Temple Within: Ezekiel 8:14-17
Ezekiel 8:14-17 - A Neville Goddard interpretation
Read Ezekiel 8 in context
Scripture Focus
Biblical Context
Ezekiel 8:14-17 shows women weeping for Tammuz at the gate, then men in the inner court turning their backs to the temple to worship the sun. It exposes outward rites as abominations that provoke anger because true worship is displaced by ritual images.
Neville's Inner Vision
Within you, the temple is the field of awareness; the scenes Ezekiel witnesses are your own mental pictures when you forget who you are. The north gate, the tears for Tammuz, the men facing east to worship the sun—these are symbols of worship directed outward, away from the I AM that you are. When you treat appearances as real and external powers as controlling, you have made your mind a theater of abominations, and the inner life becomes violent with fear and doubt. The anger God expresses is not punishment but the consternation of consciousness when it misplaces worship. The cure is simple and total: turn your attention from the external form and align with the I AM, the living sun within.

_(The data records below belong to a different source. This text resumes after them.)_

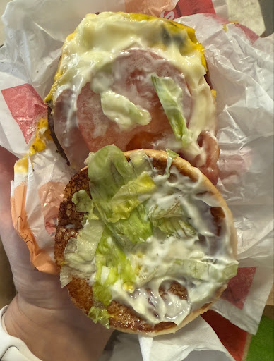 Service from the boy on drive thru was awful, didn’t repeat my order either time back to me; upon ordering or at the window. Didn’t greet me at all, only stuck his arm out with the eftpos machine when I reached the window. Receiving my order at the next window appeared to be the manager as she was older and wearing different uniform than the boy. Again, didn’t state my order and just stuck her arm out. No smile, no have a nice day, nothing. Got home and opened my bacon deluxe to realise the state of it. Bundled it right back up and threw it in the bin. I ordered it EXTRA LETTUCE and paid the additional 25c for it too. Order was definitely correct as it had the “H” marked for Heavy on the wrapper and I was charged 10.85, rather than the standard 10.60 for a bacon deluxe (indicated in the photos). Appalling that I pay extra for it to have not only no extra lettuce (hardly fulfilling the amount it should contain normally), but contain twice the amount of mayonnaise it should! Sloppy mess.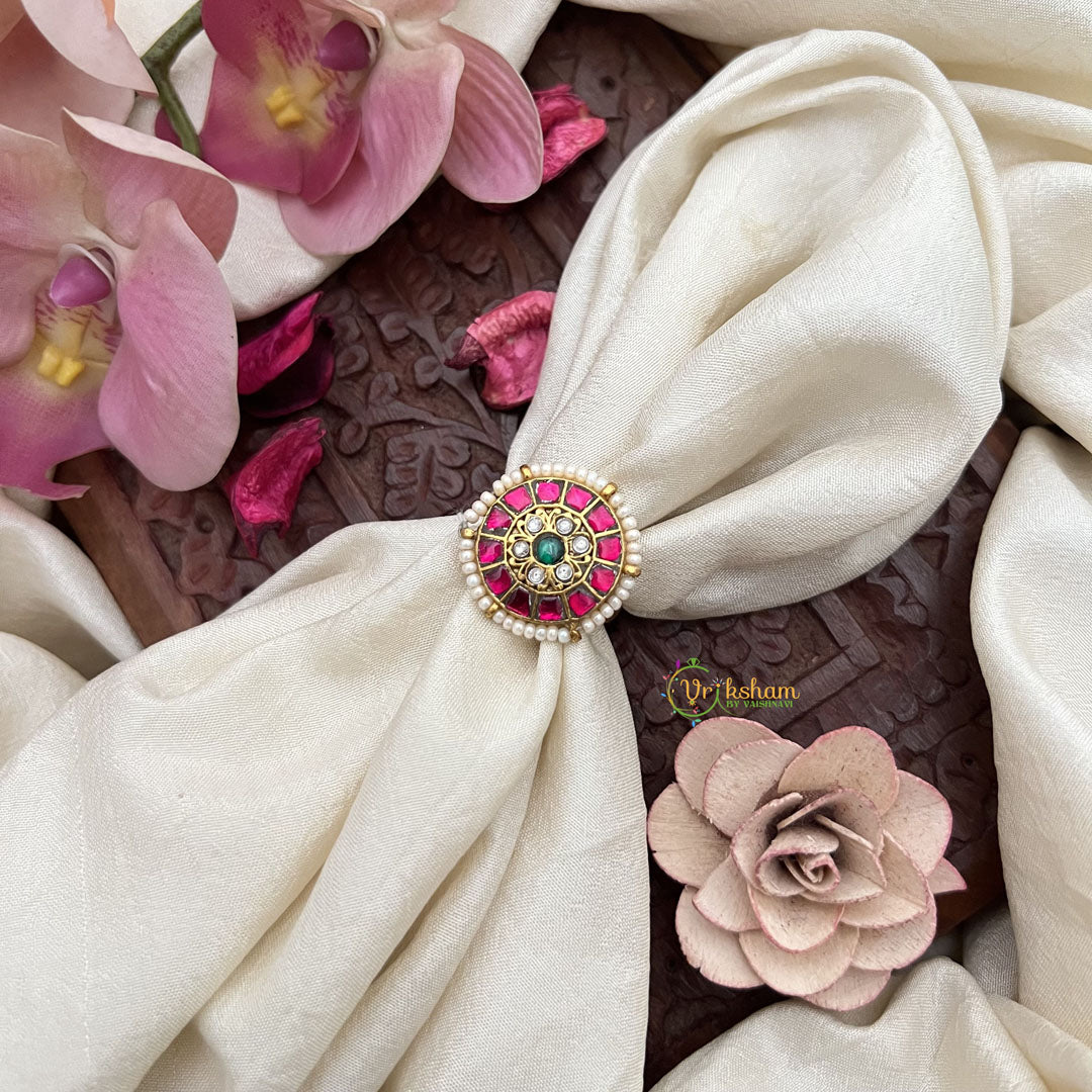 The Vriksham Exquisite Floral Jadau Kundan Finger Ring in red, green, and white, accented with pearls, showcases delicate floral motifs crafted with intricate kundan work. This sophisticated ring blends vibrant colors and elegant pearls, creating a timeless piece that enhances your traditional attire with refined beauty.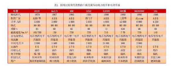 20世紀70年代以來,電力電子學和微電子技術的出現和進步,又重新喚起人們對交流傳動系統的熱情。自1971年世界首臺采用異步交流傳動系統的內燃機車DE2500問世以來,交流傳動系統以其突出的優越性受到了各國鐵路運輸部門的關注,獲得了長足的發展,并已基本取代了直流傳動系統。與直流傳動機車相比,交流傳動具有無可比擬的優越性,這已經在各國鐵路運輸系統中得到了廣泛的驗證。交流傳動所用的三相交流異步電動機比直流電動機的功率/體積比和功率/重量比更大,無需經常維護,故障率低。異步電動機的恒功率區比直流電動機大許多,轉速更高,起動牽引力大,持續功率大,有利于實現重載和高速牽引。交流傳動可以很容易地實現電氣制動,大大減少制動閘瓦的消耗,并可以利用制動時反饋的能量,起到節能節油的作用,經濟效益顯著。另外,交流傳動機車的一個突出的優點在于其優良的粘著特性,由于異步交流電動機變頻調速系統具有很硬的機械特性,車輪更不容易打滑或者空轉。其次,交流傳動電力機車牽引和再生工況的功率因數均接近于1,不僅降低了電網損耗而且在再生制動時可將高質量電能反饋給電網,消除了電網對信號和通信系統的干擾。再者,機車采用交流牽引電動機后,簧下重量大大減輕,改善了輪軌動力學性能,降低了機車輪緣磨耗。隨著磁場定向矢量控制和直接轉矩控制等高性能異步電動機控制策略的應用,交流傳動機車的調速性能已經能夠達到甚至超過直流傳動機車。表1是國外比較有代表性的使用交流傳動的電力機車和電動車組。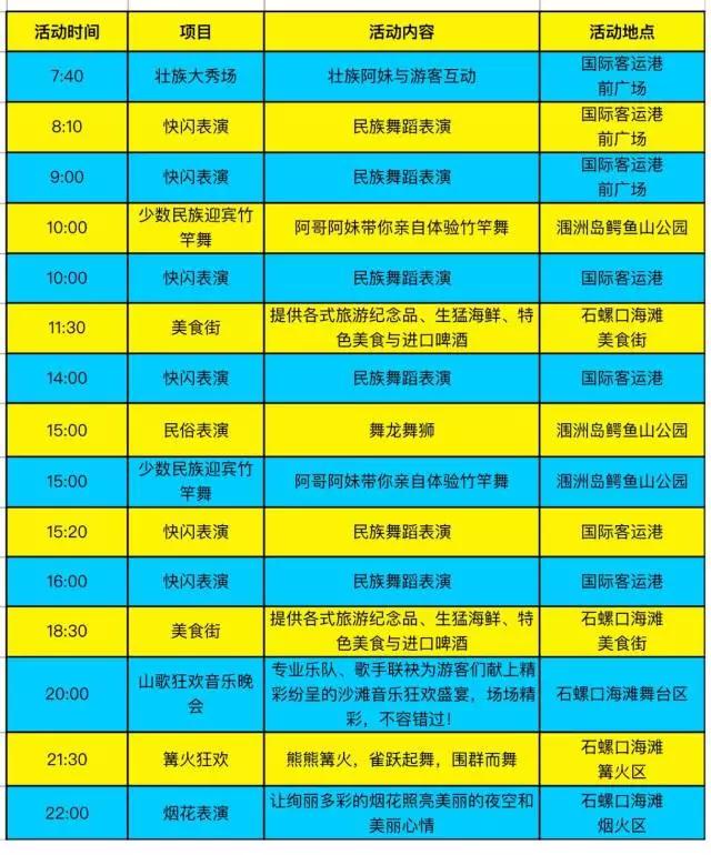白天有山歌迎(送)客、民族舞蹈快閃表演、竹竿舞體驗、腰鼓舞表演、北海民俗表演、天主教堂唱詩班表演以及北海特色美食體驗等;晚上有互動狂歡音樂晚會、萬人篝火、煙花表演及海鮮美食街等,為游客奉送一場無與倫比的“三月三”民俗盛宴。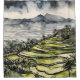 With remarkable attention to detail, every rice terrace is painted with intricate precision, creating a mesmerising tapestry of interlocking shapes and shades. The watercolor medium lends an organic flow to the composition, mirroring the undulating landscape and the gentle sway of the rice plants in the breeze.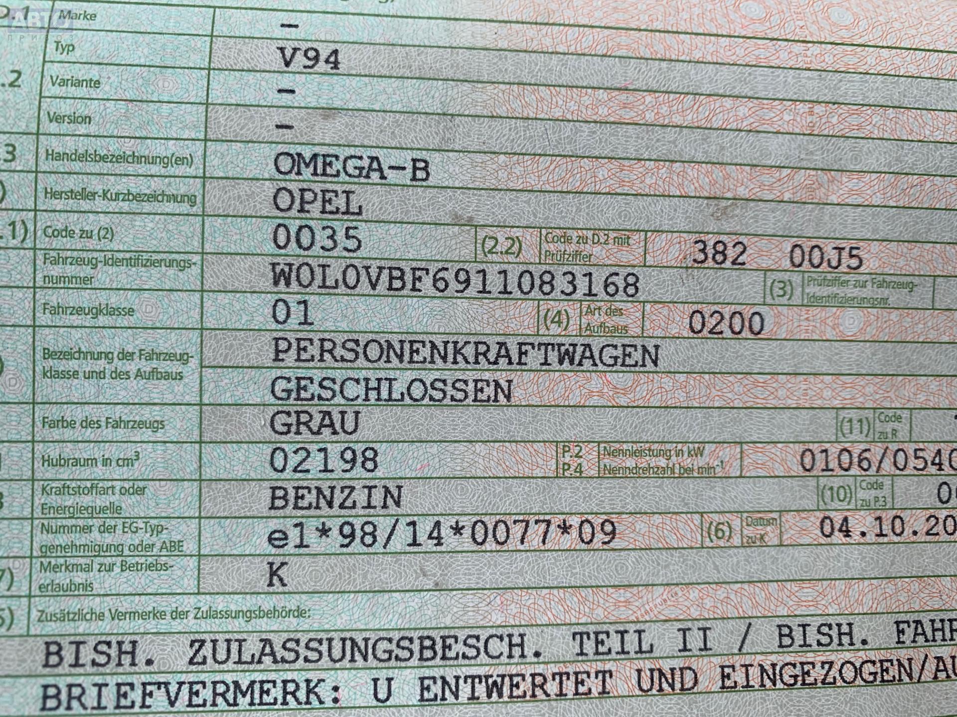 | Марка / Модель / Год: | Opel Omega B (1994-2003) 2000 |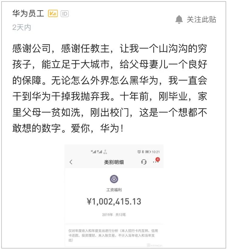 配图是他在华为一年内的工资福利金额,高达100多万,秒杀了多少职场人。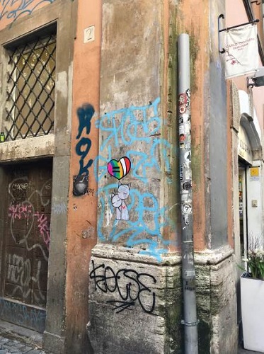 Diferentemente dos grafites analisados (Fig. 1 e Fig. 2), que foram autorizados e não anônimos, o que parece enfraquecer a potência transgressiva da prática de produção de grafites, destaca-se o mural encontrado (Fig. 3) próximo à praça da Igreja de Santa Maria de Trastevere, principal ponto turístico do bairro. Situado na Via della Lungaretta, este mural é local de observação, fruição e fotografias de turistas e moradores do bairro, já que a cada momento uma nova intervenção de grafite é realizada, compondo uma polifonia de temas, imagens, técnicas, cores, e, ao mesmo tempo, revelando desgastes e novidades.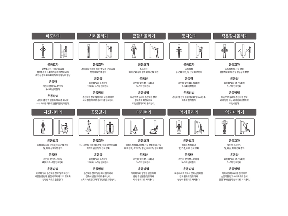 파도타기+허리돌리기+큰활차돌리기+등지압기+작은활차돌리기+자전거타기+공중걷기+다리펴기+역기올리기+역기내리기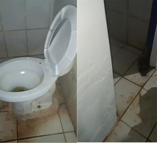 De acordo com o relato, o banheiro encontra-se em estado deplorável e totalmente sem condições de uso. A situação é tão grave que o espaço está trancado, impedindo o acesso até mesmo de visitantes que vêm de comunidades e cidades vizinhas durante as feiras e festividades.
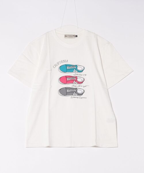 ◇スニーカープリントTシャツ◇☑detail素材は天竺。…天竺とは?・・・吸汗吸湿性に優れているため、夏場でもサラリとした肌さわりを楽しむことができるという点が特徴です。もう一つは横方向への伸縮性の高さ。着脱もしやすくストレスフリーな着用感です♪後ろ部分は左下に小さなポケットのデザインがアクセントになっています。ちょっと変わったTシャツをお探しの方におすすめです◎☑colorスタンダードなホワイトの他、夏らしいブルー、パープル、イエローの2色展開。シンプルになりがちなコーディネートにポイントで色味のあるTシャツを選べるのも春夏出来るチョイスです♪☑コーディネートフロントにスニーカーのポイントデザインなので柄のシャツやボトムスを合わせても◎夏らしくハーフパンツやサンダルと合わせてアウトドアで使える1枚です。女性ならロングスカートやワンピースに合わせてもかわいいですよ♪メンズサイズのTシャツですが、オーバーサイズでもOKなのでユニセックスでも着用して頂けます◎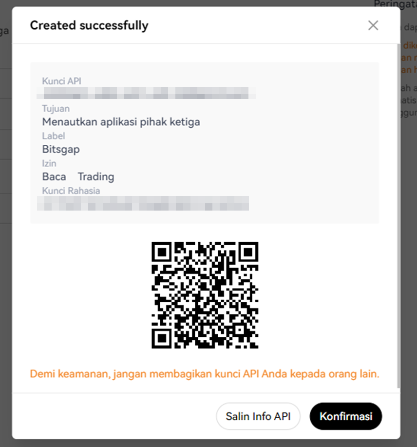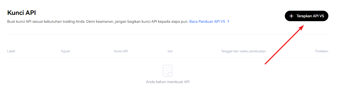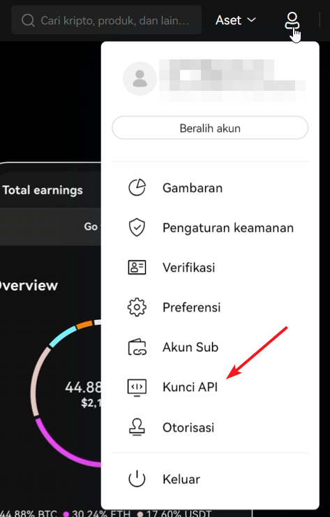 Semua operasi trading diproses melalui kunci API yang unik untuk masing-masing pengguna. Kunci API merupakan metode yang aman dan dapat diandalkan untuk menggunakan platform ini karena tidak memberikan akses ke data pribadi Anda dan mencegah pengelolaan dana (penarikan & deposit).
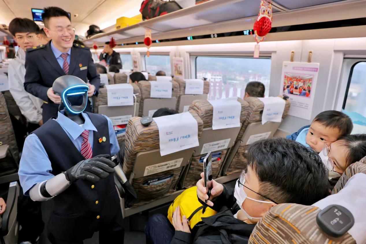 今年春运途中,新技术的投用更让旅客们惊喜连连,深感便利和温暖。在“西子号”列车上,“编外乘务员”机器人“福兴”为旅客查询列车时刻、换乘路线,它还与旅客互动,提供到站天气、旅游景点等信息。从上海回宁波的方女士和它握了握手,感慨说:“春运回家路上很惊喜,科技发展越来越融入我们的生活。”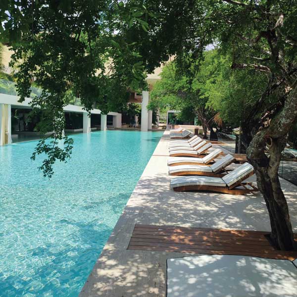 Alberca semiolímpica dentro de Cancún Country Club, ideal para ejercicio y recreación diaria.
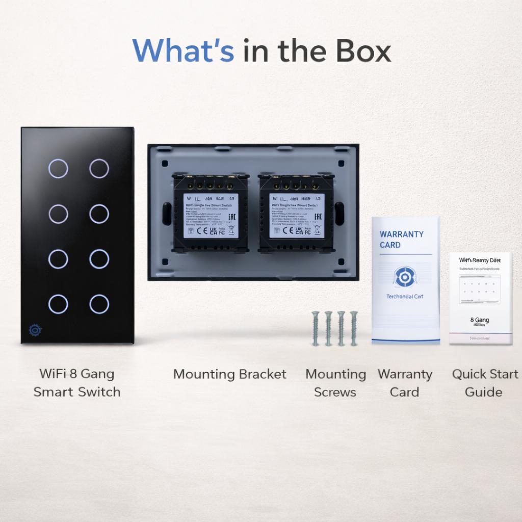 • Box Includes: WiFi 8-Gang Smart Switch, mounting bracket, screws, warranty card, and a quick start guide.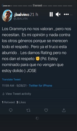 “Los Grammys no nos valoran, pero nos necesitan. Es mi opinión y nada contra los otros géneros porque se merecen todo el respeto. Pero ya el truco está aburrido. Les damos Rating, pero no nos dan el respeto (Pd. Estoy nominado para que no vengan que estoy dolido)”, escribió el cantante en su red social.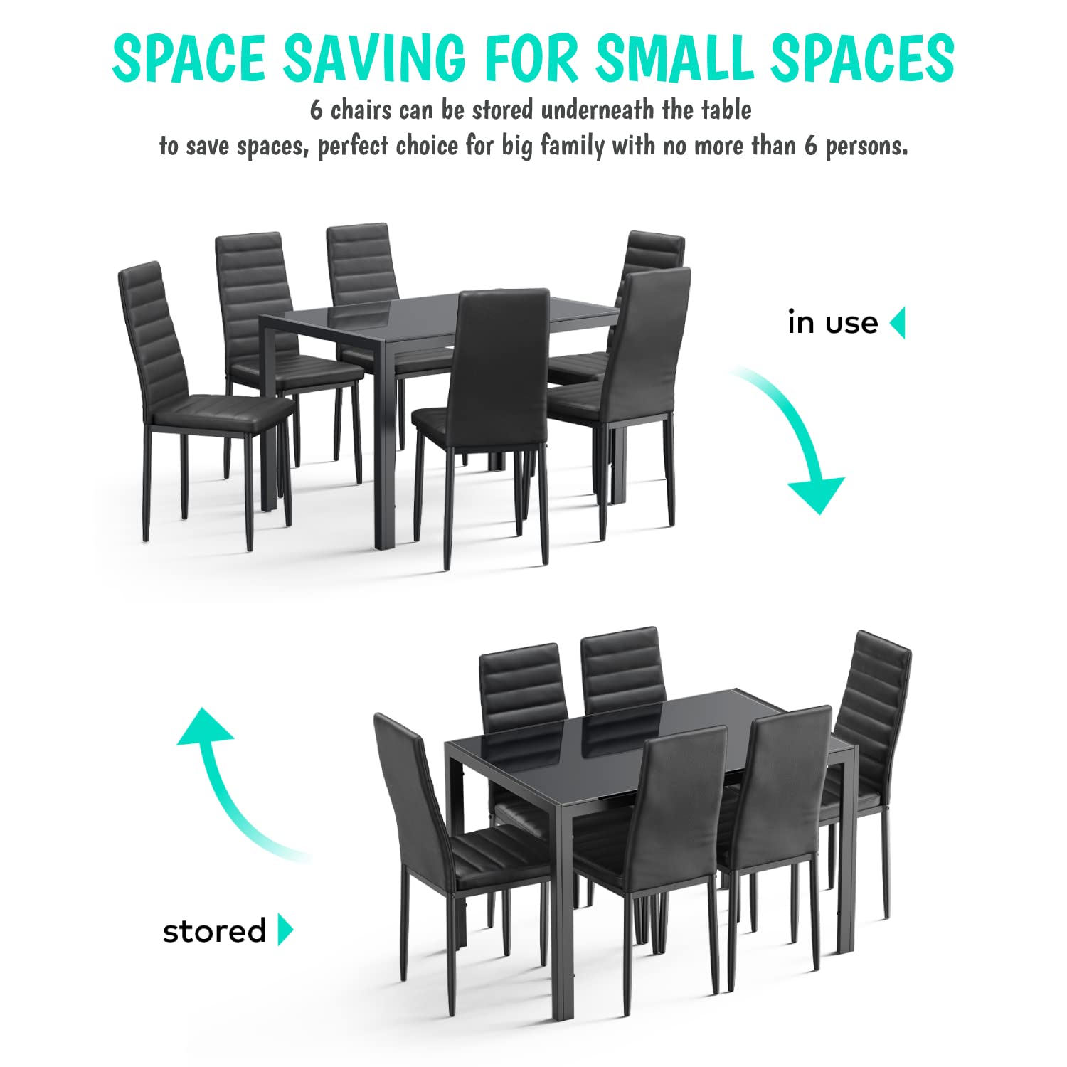 Gizoon Glass Dining Table Sets for 6, 7 Piece Kitchen Table and Chairs Set for 6 Person, PU Leather Modern Dining Room Sets for Home, Kitchen, Living Room

Assume the state that you are the temple and that awareness is the only true altar. In that revision, the outer scenes lose their charge, and a calm, radiant order replaces the former turmoil. Begin to dwell in that inner temple now, and let your world reflect the shift as if it were already real.
Practice This Now
Imaginative act: Close your eyes, declare 'I AM the temple,' and revise any image of outward worship to an inner sun of awareness. Sit with that feeling until it rests as real.